-- Action item --
Images in the data are to be skipped, while every line is restated exactly as written.

-- Supplied data --
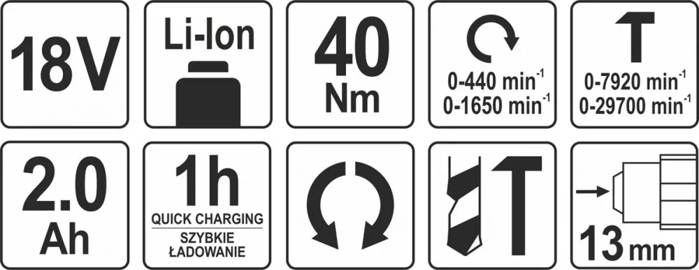 Yato akkus ütvefúró-csavarozó 40 Nm 18 V Li-Ion (1 x 2,0 Ah akku + töltő)
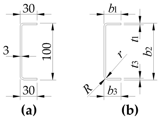 i = 1, 2, 3, …, 8). The theoretical nominal dimensions (following the contour of the section) of the C100 × 30 × 3 channels used and the designations of the dimensions measured on each C-section are shown in
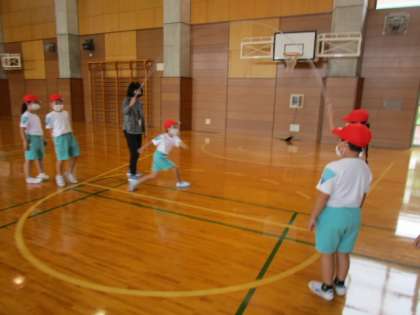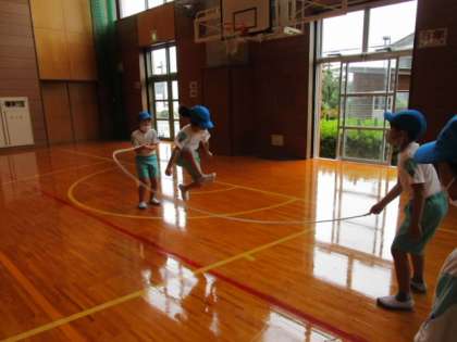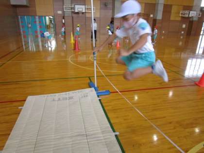 まずは、8の字跳びで体を慣らしました。タイミングを見て入ったり抜けたりスムーズに行うことができました。また、70cmにゴムを設置し、高くジャンプする練習をしました。跳び越えられるように、練習していきます。
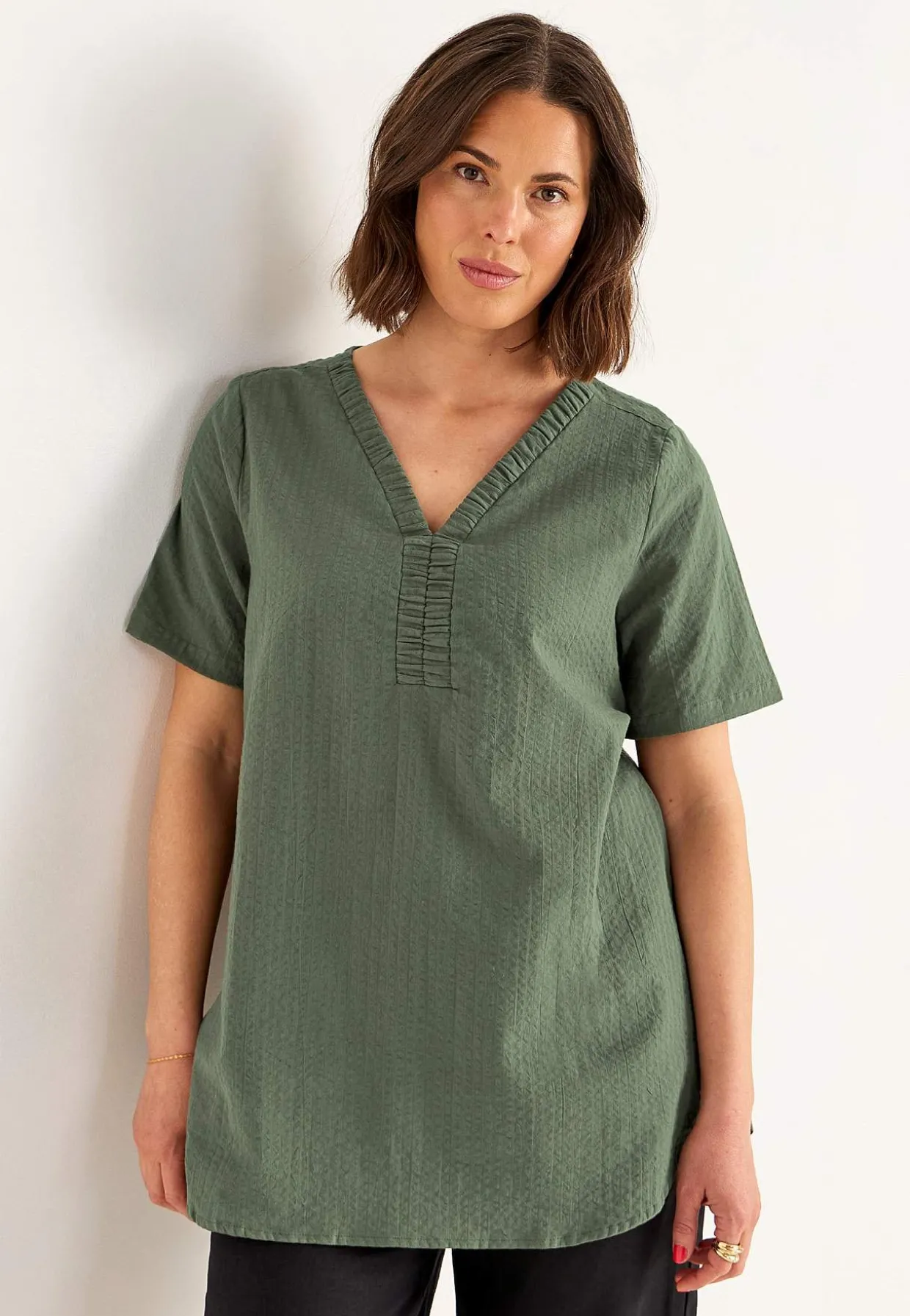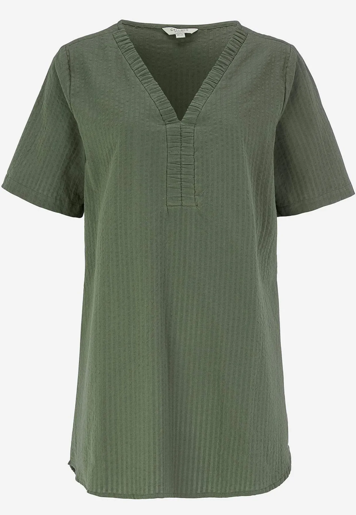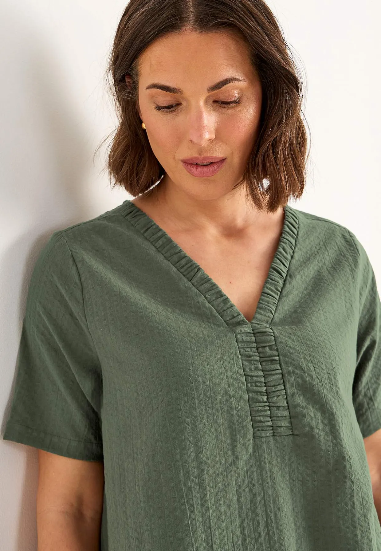 • V-udskåret, rynket halsudskæring.

-- Solution to this exercise --
 Yato akkus ütvefúró-csavarozó 40 Nm 18 V Li-Ion (1 x 2,0 Ah akku + töltő)
 i = 1, 2, 3, …, 8). The theoretical nominal dimensions (following the contour of the section) of the C100 × 30 × 3 channels used and the designations of the dimensions measured on each C-section are shown in
 まずは、8の字跳びで体を慣らしました。タイミングを見て入ったり抜けたりスムーズに行うことができました。また、70cmにゴムを設置し、高くジャンプする練習をしました。跳び越えられるように、練習していきます。
 • V-udskåret, rynket halsudskæring.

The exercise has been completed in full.